Towards Scalable and Deep Graph Neural Networks via Noise Masking
- URL: http://arxiv.org/abs/2412.14602v1
- Date: Thu, 19 Dec 2024 07:48:14 GMT
- Title: Towards Scalable and Deep Graph Neural Networks via Noise Masking
- Authors: Yuxuan Liang, Wentao Zhang, Zeang Sheng, Ling Yang, Quanqing Xu, Jiawei Jiang, Yunhai Tong, Bin Cu,
- Abstract summary: Graph Neural Networks (GNNs) have achieved remarkable success in many graph mining tasks.
scaling them to large graphs is challenging due to the high computational and storage costs.
We present random walk with noise masking (RMask), a plug-and-play module compatible with the existing model-simplification works.
- Score: 45.42101145694294
- License:
- Abstract: In recent years, Graph Neural Networks (GNNs) have achieved remarkable success in many graph mining tasks.
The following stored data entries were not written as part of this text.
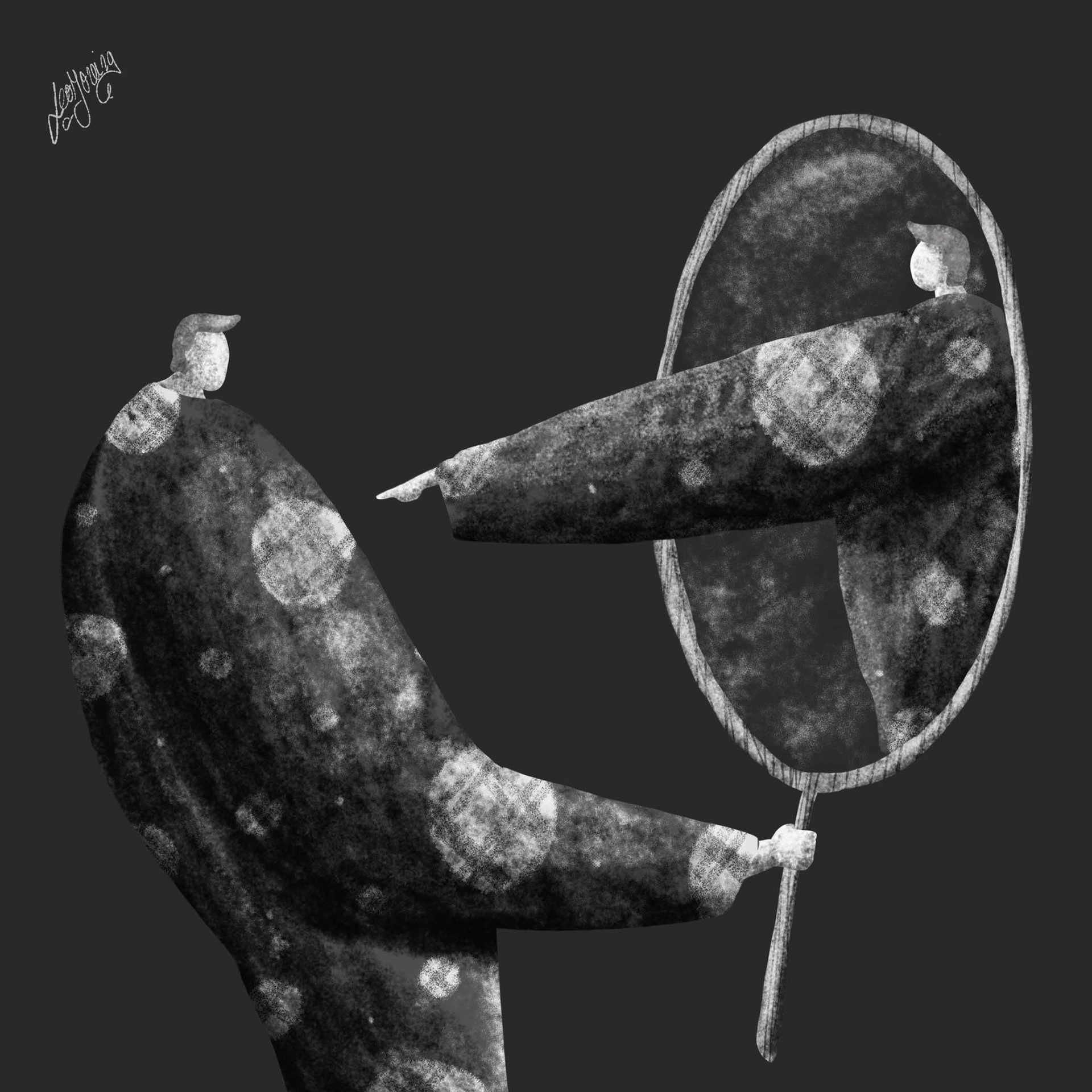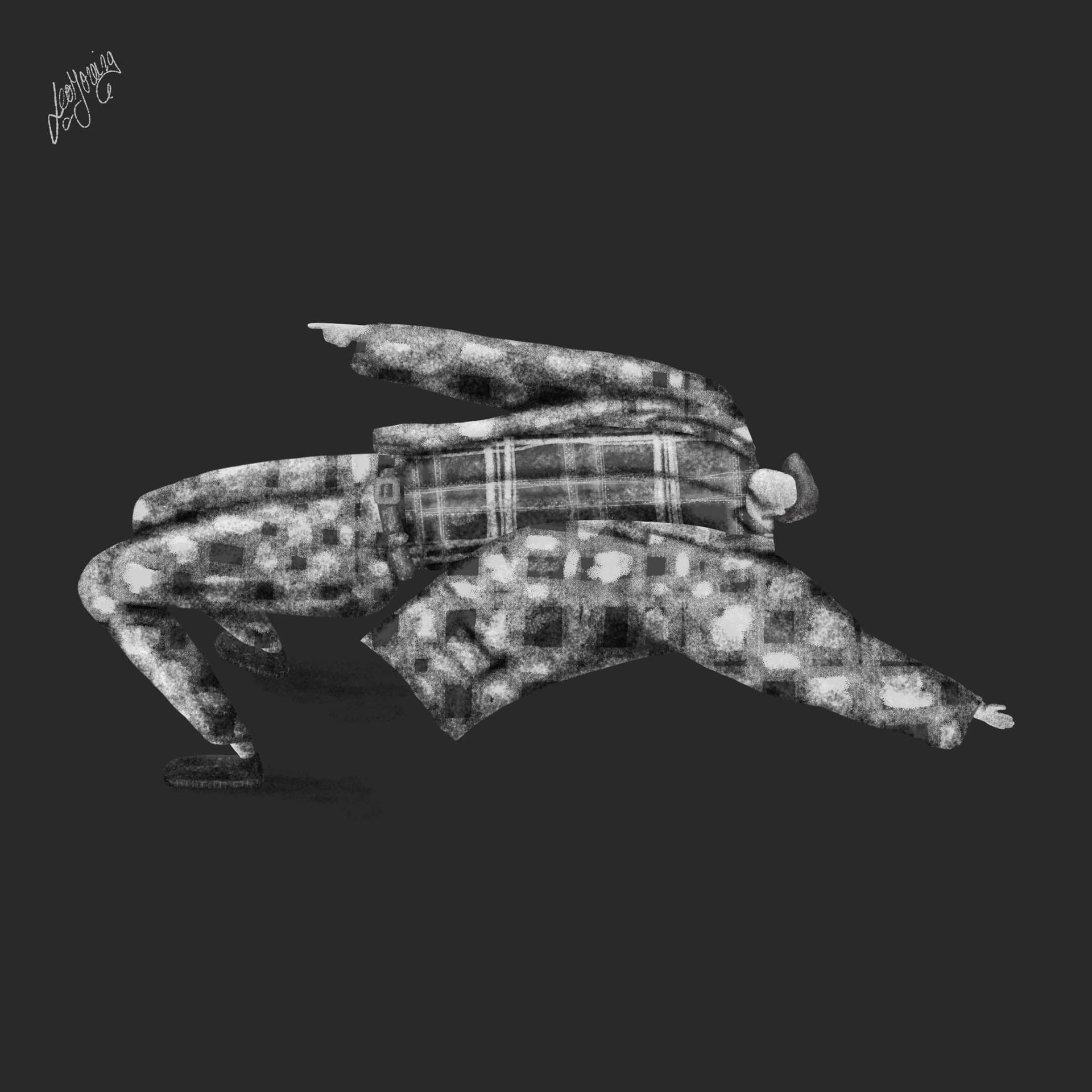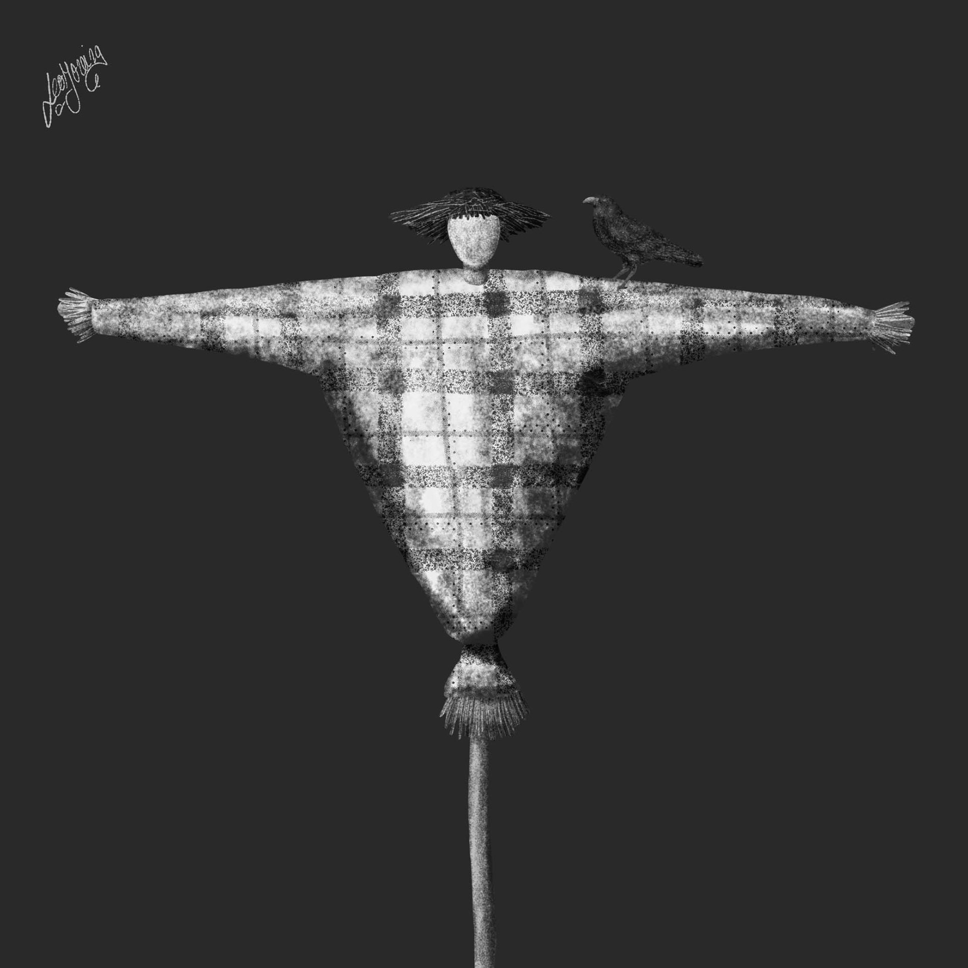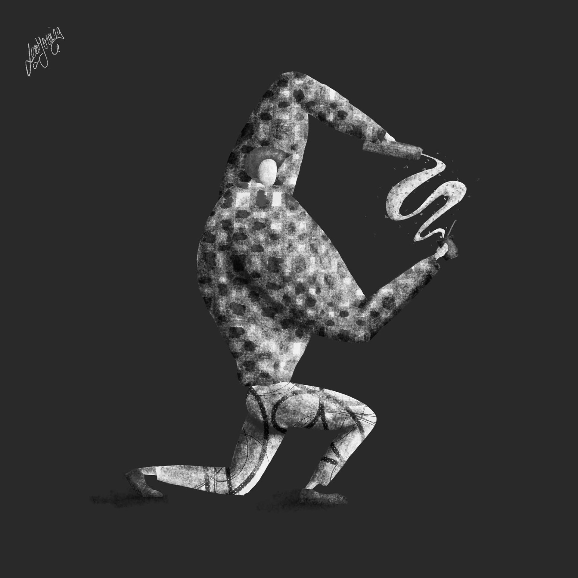 Serie de ilustraciones y personajes desarrollados en blanco y negro.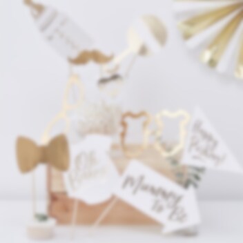 10 stk. photoprops i hvit og fullfolie med motiv av ulike babyrelaterte ting. Bruk disse for å ta fine og minnerike bilder under Babyshoweren.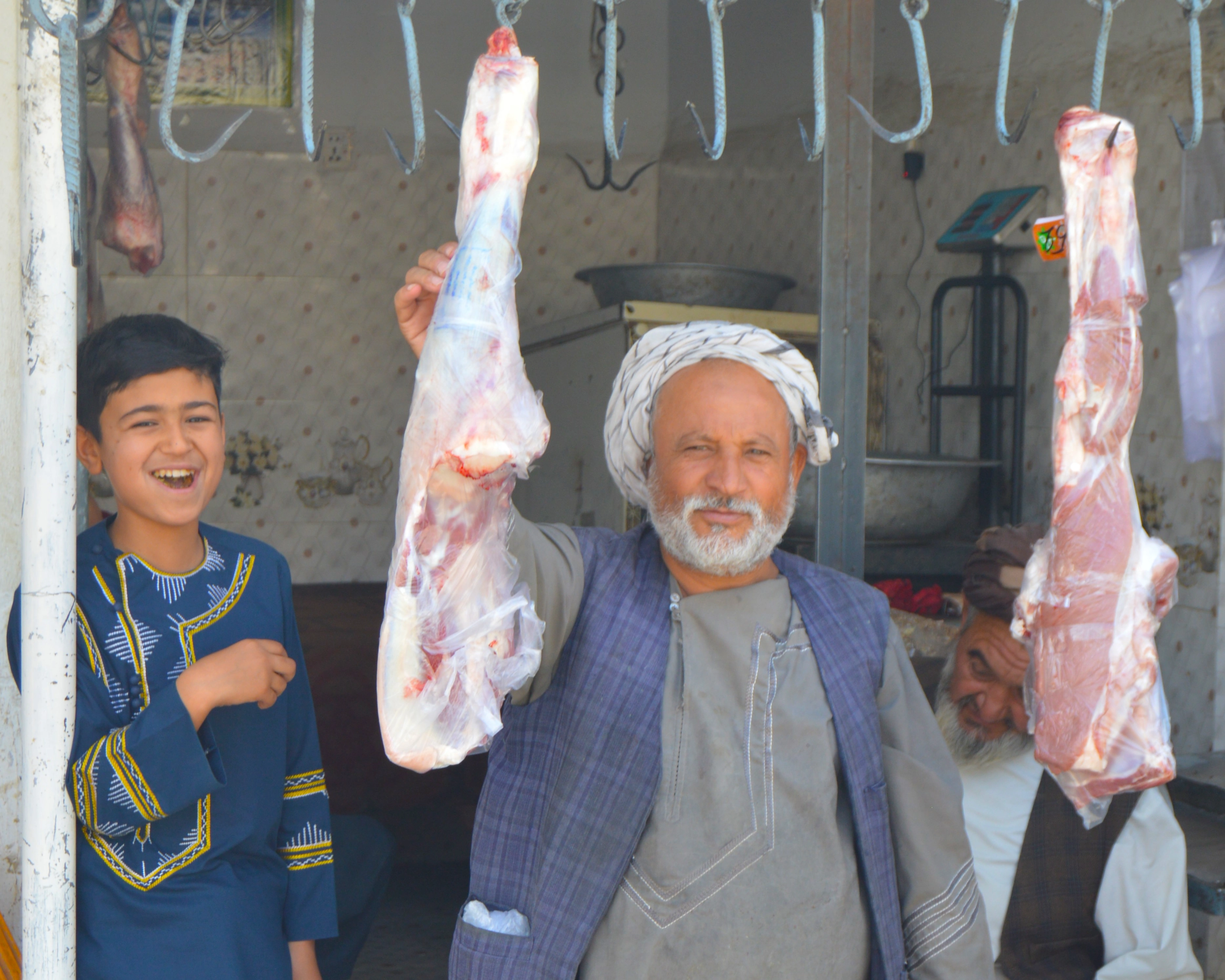 Mazar-e Sharif era distinta: más moderna, más ordenada, más abierta que Kabul o Bamyan. Las calles estaban llenas de mercados, pilas de telas gritando colores, carnicerías donde la carne colgaba al aire libre, puestos que se repetían como ecos. Un caos vivo y funcional.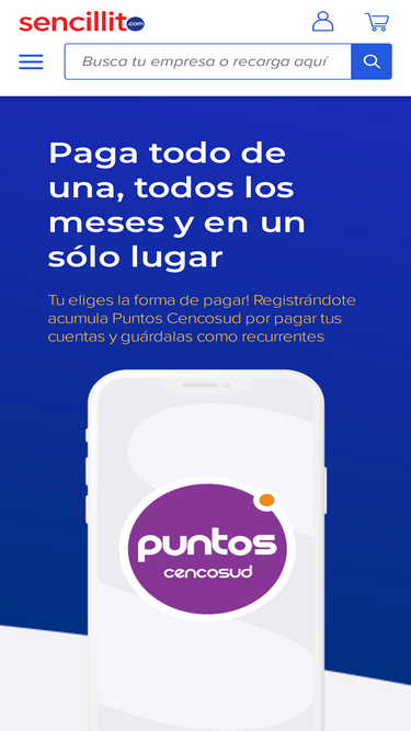 100%sencillito, paga tus cuentas de una, todos los meses, en un solo lugar. paga fácil y online agua, luz, tag, recargas, envíos de dinero desde chile y más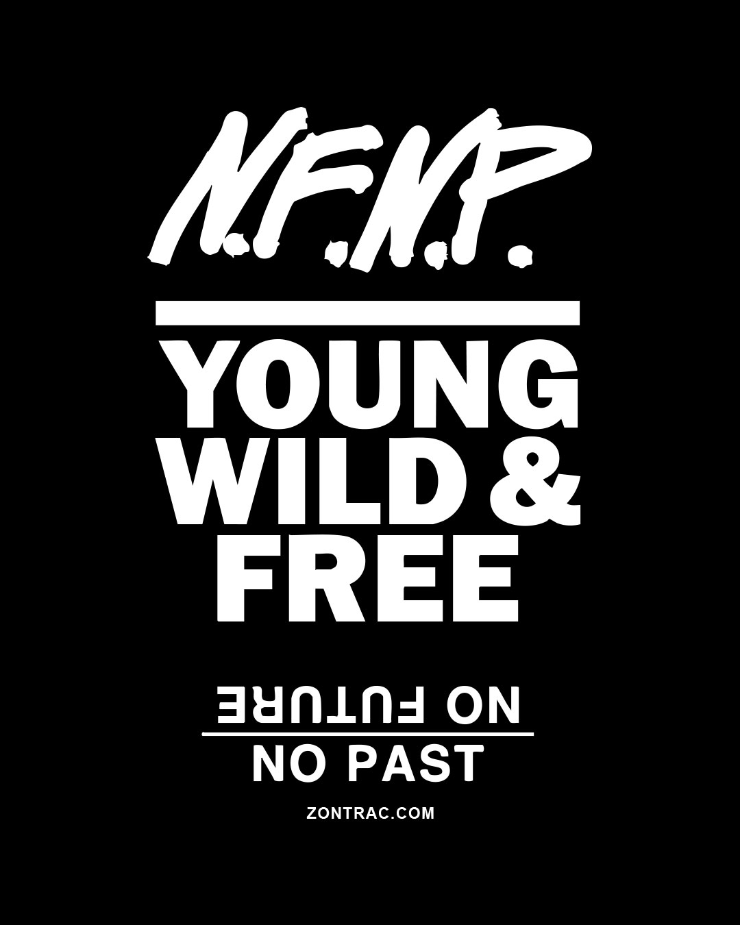 This T-shirt design was created for the ZONTRAC x NFNP collaboration. Bold typography and a raw, street-inspired look capture the spirit of freedom, rebellion, and youth culture. The mirrored message “No Future / No Past” underlines the idea of living in the moment — unapologetically young, wild, and free.
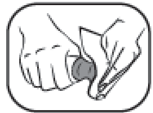 Bruk det stjerneformede sporet på siden av applikatoren for å fjerne tubens sikkerhetsforsegling.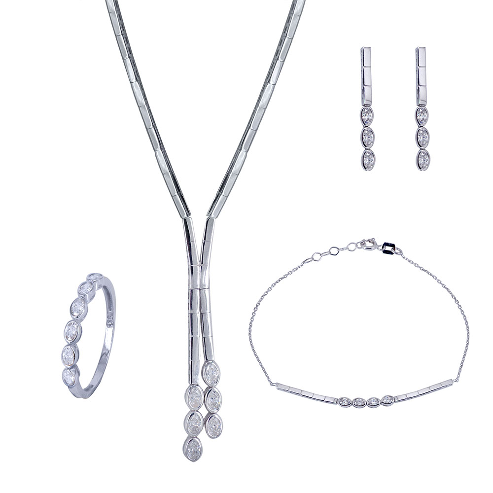 Σετ λευκόχρυσο 14 Καρατίων,  με ιδιαίτερο μοντέρνο σχέδιο με ορθογώνια στοιχεία και με πέτρες ζιργκόν Swarovski σε οβάλ σχήμα.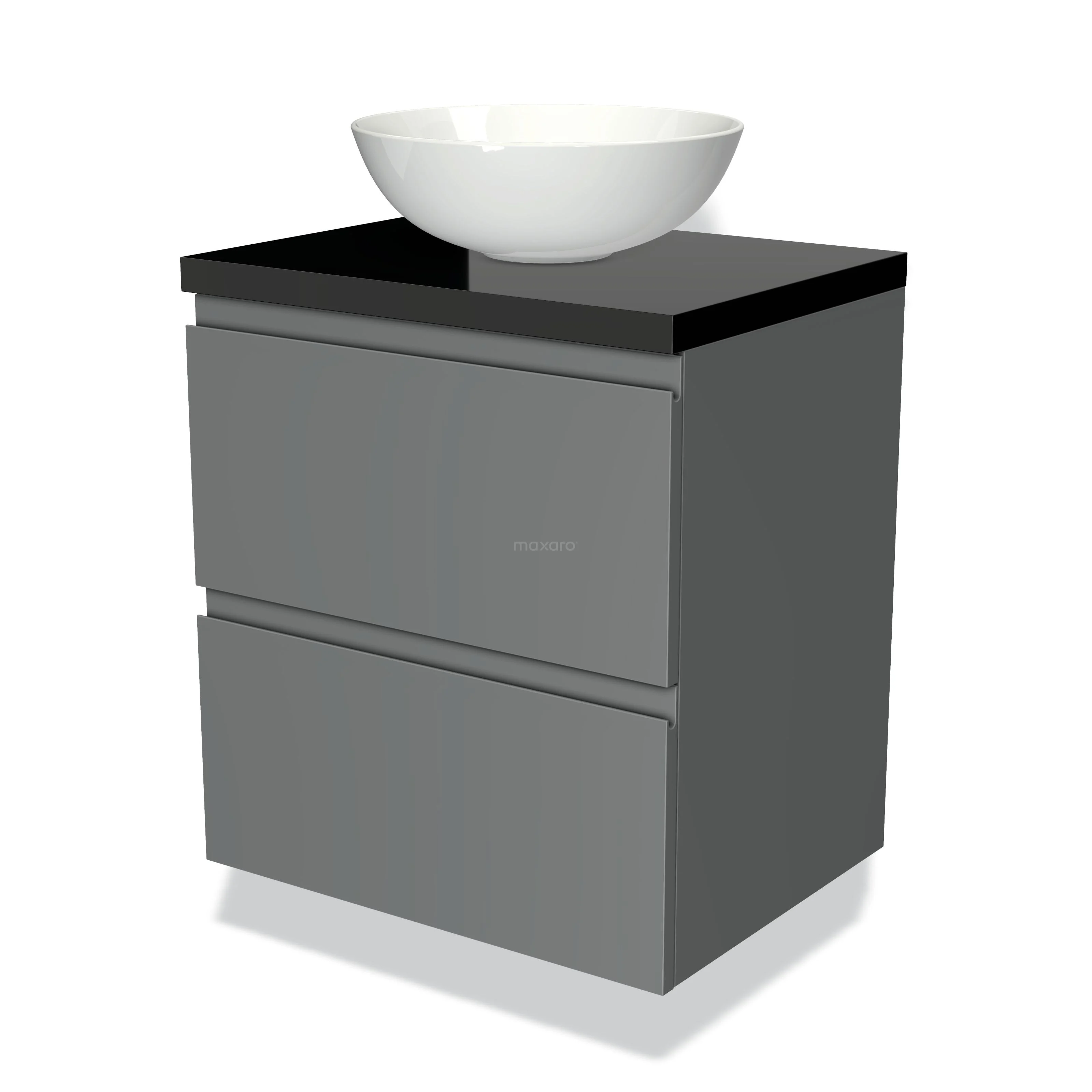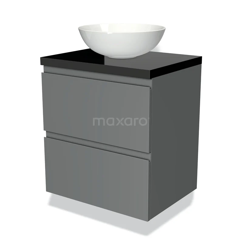 Modulo Plato Badmöbel mit Aufsatzwaschbecken | 60 cm Mittelgrau Grifflos front Hochglanz Schwarz blatt 2 übereinanderliegende Schubladen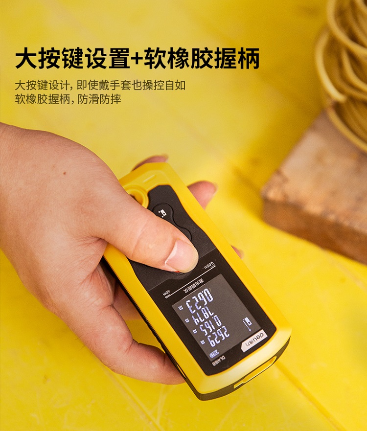 激光尺大按鍵設(shè)計(jì),即使戴手套也操控自如,軟橡膠握柄,防滑防摔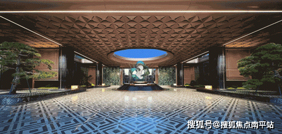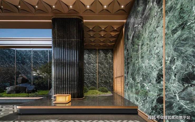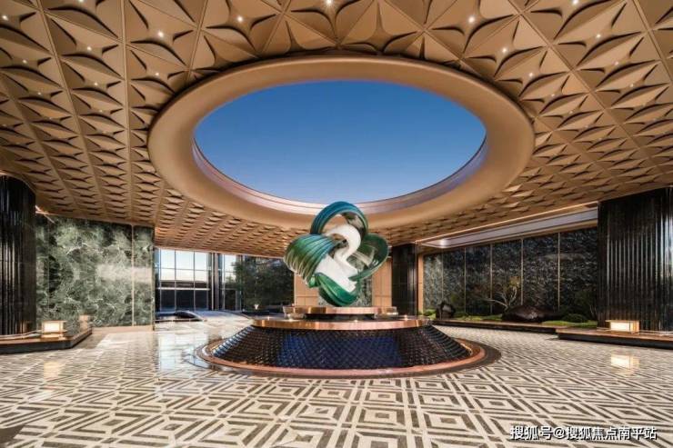 作为归家的礼仪门面,翡月之门凝萃着绿城对时代美学的极致思考, 66米奢石落客区、奢华酒店式归家大堂、约1600㎡架空泛会所、立体式花园建筑、顶跃高厅、奢适空间;酒店式礼序入口,松礼迎客,中心处的水景叠级呈现,结合雕塑营造入口仪式感及尊贵的归家体验。对于材质的选择与组合、形体比例的推敲、拼接面的分缝与拼合等工作的精细考量,提取时代的花纹,巧妙设计在空间里,让空间不经意地流露历史的品质。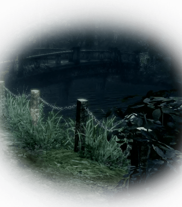 参拝マップその13 水籠橋・水籠池 日上山から流れ落ちる水を湛える池。山の水は水籠池を通ってさらに麓へと流れていく。その為一年を通して水質は良く、観光地となっていた当時は、周辺の遊歩道や水籠橋を散策する人も多くあった。参道に続く橋「水籠橋」は山へと入る境界として位置づけられていた。古くは木造だったが、一縷荘の新館建築の際にコンクリート製のものへと架け替えられた。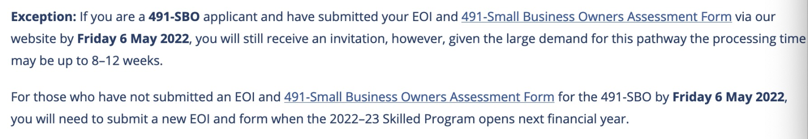 如果您是491-SBO小生意類別的申請人,且在2022年5月6日之前通過官網遞交了EOI和491-小企業業主評估表(491- Small Business Owners Assessment Form),您仍然有機會收到邀請。但是由于申請人數過多,官方處理時間會有所延長,您的等待時間會延長至8到12周。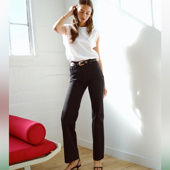 These black straight jeans from Abercrombie & Fitch offer a timeless look with their classic cut and uniform wash. Crafted from high-quality denim, they provide a comfortable fit and a sleek appearance suitable for any casual occasion. Featuring a crossed waist and high rise.

However, scaling them to large graphs is challenging due to the high computational and storage costs of repeated feature propagation and non-linear transformation during training. One commonly employed approach to address this challenge is model-simplification, which only executes the Propagation (P) once in the pre-processing, and Combine (C) these receptive fields in different ways and then feed them into a simple model for better performance. Despite their high predictive performance and scalability, these methods still face two limitations. First, existing approaches mainly focus on exploring different C methods from the model perspective, neglecting the crucial problem of performance degradation with increasing P depth from the data-centric perspective, known as the over-smoothing problem. Second, pre-processing overhead takes up most of the end-to-end processing time, especially for large-scale graphs. To address these limitations, we present random walk with noise masking (RMask), a plug-and-play module compatible with the existing model-simplification works. This module enables the exploration of deeper GNNs while preserving their scalability. Unlike the previous model-simplification works, we focus on continuous P and found that the noise existing inside each P is the cause of the over-smoothing issue, and use the efficient masking mechanism to eliminate them. Experimental results on six real-world datasets demonstrate that model-simplification works equipped with RMask yield superior performance compared to their original version and can make a good trade-off between accuracy and efficiency.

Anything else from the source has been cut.